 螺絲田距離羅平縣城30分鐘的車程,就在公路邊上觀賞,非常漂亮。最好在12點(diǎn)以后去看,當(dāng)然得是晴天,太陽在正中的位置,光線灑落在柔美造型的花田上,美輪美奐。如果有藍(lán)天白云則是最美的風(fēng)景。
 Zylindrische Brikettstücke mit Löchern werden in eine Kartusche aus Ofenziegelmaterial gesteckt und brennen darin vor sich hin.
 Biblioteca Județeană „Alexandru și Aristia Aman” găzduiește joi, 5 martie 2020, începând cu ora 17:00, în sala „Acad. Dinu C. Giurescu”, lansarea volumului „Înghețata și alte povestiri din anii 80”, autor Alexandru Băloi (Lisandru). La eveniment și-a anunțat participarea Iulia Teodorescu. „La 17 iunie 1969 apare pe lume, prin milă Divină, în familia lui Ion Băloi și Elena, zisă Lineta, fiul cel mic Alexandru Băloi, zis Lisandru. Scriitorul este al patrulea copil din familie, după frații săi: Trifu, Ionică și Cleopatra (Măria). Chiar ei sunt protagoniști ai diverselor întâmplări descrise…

...

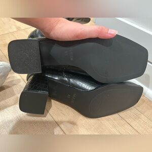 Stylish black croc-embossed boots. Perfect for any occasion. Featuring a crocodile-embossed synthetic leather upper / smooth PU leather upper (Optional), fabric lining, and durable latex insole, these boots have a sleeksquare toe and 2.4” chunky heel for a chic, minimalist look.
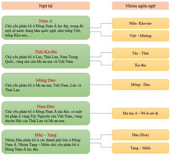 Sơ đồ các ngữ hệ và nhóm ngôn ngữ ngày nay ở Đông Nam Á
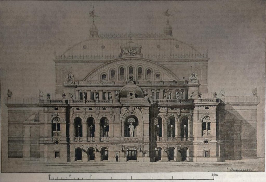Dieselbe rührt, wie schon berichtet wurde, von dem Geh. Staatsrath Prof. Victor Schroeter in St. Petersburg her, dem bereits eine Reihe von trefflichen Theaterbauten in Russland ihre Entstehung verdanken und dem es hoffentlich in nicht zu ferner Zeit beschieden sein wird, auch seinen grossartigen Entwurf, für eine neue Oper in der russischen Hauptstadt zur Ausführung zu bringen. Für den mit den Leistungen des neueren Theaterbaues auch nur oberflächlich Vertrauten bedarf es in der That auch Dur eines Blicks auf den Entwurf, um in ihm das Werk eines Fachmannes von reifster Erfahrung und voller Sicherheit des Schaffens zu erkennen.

==

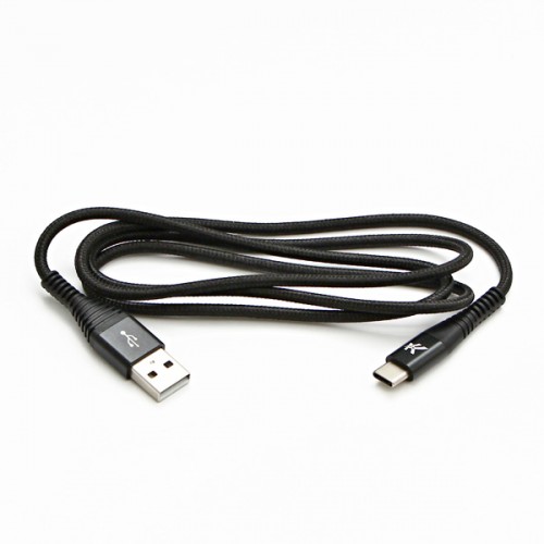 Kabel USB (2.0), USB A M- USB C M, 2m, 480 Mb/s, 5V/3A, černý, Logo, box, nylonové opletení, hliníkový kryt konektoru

# [WHAT IS BEING ASKED]
From the material above, set down exactly the lines between the line holding "螺絲田距離羅平縣城30分鐘的" and the line holding "Biblioteca Județeană „Alexandru", inclusive. Include nothing else.

# [ANSWER SPACE]
 螺絲田距離羅平縣城30分鐘的車程,就在公路邊上觀賞,非常漂亮。最好在12點(diǎn)以后去看,當(dāng)然得是晴天,太陽在正中的位置,光線灑落在柔美造型的花田上,美輪美奐。如果有藍(lán)天白云則是最美的風(fēng)景。
 Zylindrische Brikettstücke mit Löchern werden in eine Kartusche aus Ofenziegelmaterial gesteckt und brennen darin vor sich hin.
 Biblioteca Județeană „Alexandru și Aristia Aman” găzduiește joi, 5 martie 2020, începând cu ora 17:00, în sala „Acad. Dinu C. Giurescu”, lansarea volumului „Înghețata și alte povestiri din anii 80”, autor Alexandru Băloi (Lisandru). La eveniment și-a anunțat participarea Iulia Teodorescu. „La 17 iunie 1969 apare pe lume, prin milă Divină, în familia lui Ion Băloi și Elena, zisă Lineta, fiul cel mic Alexandru Băloi, zis Lisandru. Scriitorul este al patrulea copil din familie, după frații săi: Trifu, Ionică și Cleopatra (Măria). Chiar ei sunt protagoniști ai diverselor întâmplări descrise…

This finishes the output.